By John Hubbuch
Last week's story on the Colt Building was just the latest chapter in the lengthy story of the Colt Building. The story is an old one. Not so old that many of the developers, Village officials and elected leaders aren't still around, but they ain't talking. Everyone involved in this debacle wants to blame the failure to develop the property on the great economoc collapse in 2008, but I know better.
The reality of course is that if acrimonius local politics hadn't delayed construction, the project would have been almost certainly funded and completed before the economy went off the rails. The failure of our elected leaders to come together on this was costly. I'm sure some one could calculate the lost revenue, property and sales taxes, employment and all the other stuff that comes from a big development in the heart of a downtown, but like I said ain't nobody talkin.

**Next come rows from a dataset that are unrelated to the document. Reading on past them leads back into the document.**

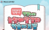 전라남도 박인석 기자2026. 01.20[AI 호남뉴스]해남군교육재단은 군민 평생학습 환경 조성을 위해 상반기 땅끝누리 늘찬배달강좌 학습자를 모집한다. 상반기 땅끝누리 늘찬배달강좌는 3월 3일부터 6월 19일까지 총 16주간 운영되며, 기간 중 총 13회 강좌로 구성된다. 운영 대상은 원칙적으로 10인 이상으로 구성된 학습팀이며, 악기를 활용한 강좌에 한해 7인 이상으로 구성된 학습팀도 신청 가능하도록 운영 기준을 적용한다. 모집 규모는 총 135팀 내외다. 특히 올해 상반기에는 기존 ‘1인 1강좌 신청’에서 동일한 학습팀원이 구성되는 조건하에 1인당 최대 2개...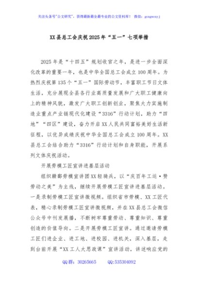 / XX县总工会庆祝2025年“五一”七项举措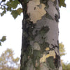 - Tan-gray bark exfoliates in patches, revealing inner bark of white, yellow and green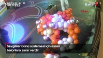 Sevgililer Günü süslemesi için asılan balonlara zarar verdi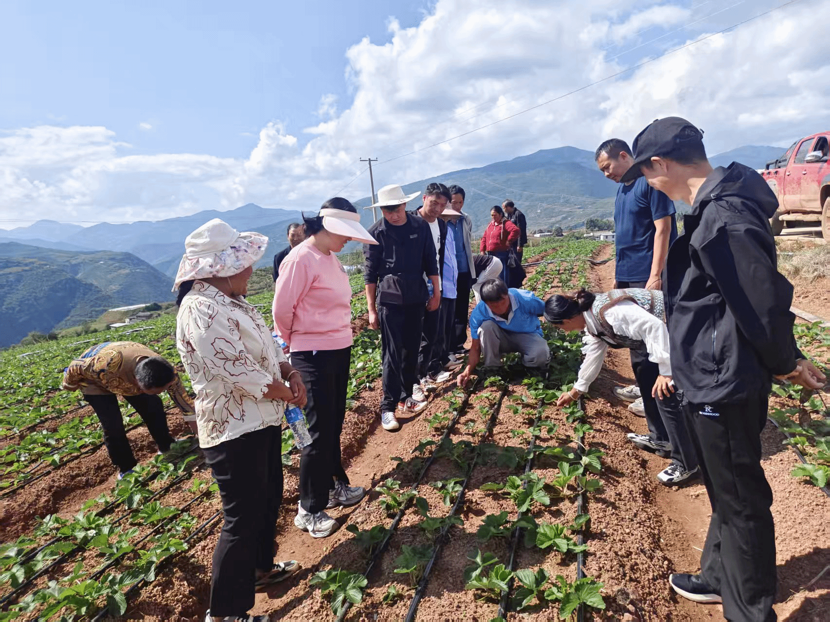 二是设置田间实操,促技术落地。为避免“纸上谈兵”,培训特别设置田间实操环节,现场示范疏叶疏果、匍匐茎处理、老叶病叶识别与清除、蜜蜂授粉辅助管理等实用技术。通过“一看、二听、三动手”的模式,使抽象的理论知识转化为直观的操作技能。培训期间,共发放《草莓中耕管理技术手册》《药剂使用指南》各550套。搭建 “乡土人才+技术员+种植户” 的长效交流平台,建立“宜就镇草莓种植技术服务”微信群,将87%的参训户纳入线上指导体系,推送中耕操作视频教程5个,实现技术指导“不断线”。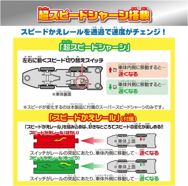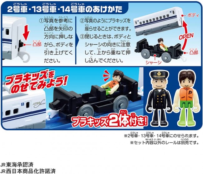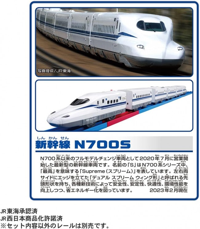 鉄道模型(電動・レール式 等) ■「新幹線 N700S」がモデル ■超スピードシャーシ搭載、スピードかえレールを通過すると電動走行の速度が変わります。 ■6両編成でそれぞれ連結・切り離し可能 ■スイッチOFFで手転がし遊びが可能 ■スピードかえレール(はやい・ゆっくり)各1本付 ■プラキッズ2体付 ■2号車・13号車・14号車はプラキッズ乗車遊びが可能 ※セット内容以外のレールは付属しません。 商品内容 車両本体6両編成(1)、プラキッズ(車掌さん)(1)、プラキッズ(お客さん)(1)、スピードかえレール(はやい)(1)、スピードかえレール(ゆっくり)(1)、部品注文書(1) (C)TOMY JR東海承認済 JR西日本商品化許諾済 (タカラトミー ウェブサイトより)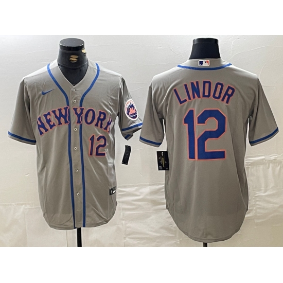 Men's New York Mets #12 Francisco Lindor Number Grey 2024 City Connect Cool Base Stitched Jerseys

If I were to guess I would say the failure to get the project done before the storm was due to the long-standing battle between preservationists and economic developers. Recall that the Colt Building had some arguable historic significance, and as a result precious time was lost fooling around on trying to save or renovate it. Another possible explanation is the animus between a split board who couldn't stand each other personally. It took several election cycles to resolve the animus, but by then it was too late.
This fiasco illustrates why local elections are so much more important than state and federal elections. A shift of a thousand votes can impact millions of dollars. The story of the Colt Building would be a cautionary tale for the Village's future, if only those who know the story would tell it . Confession is good for the soul.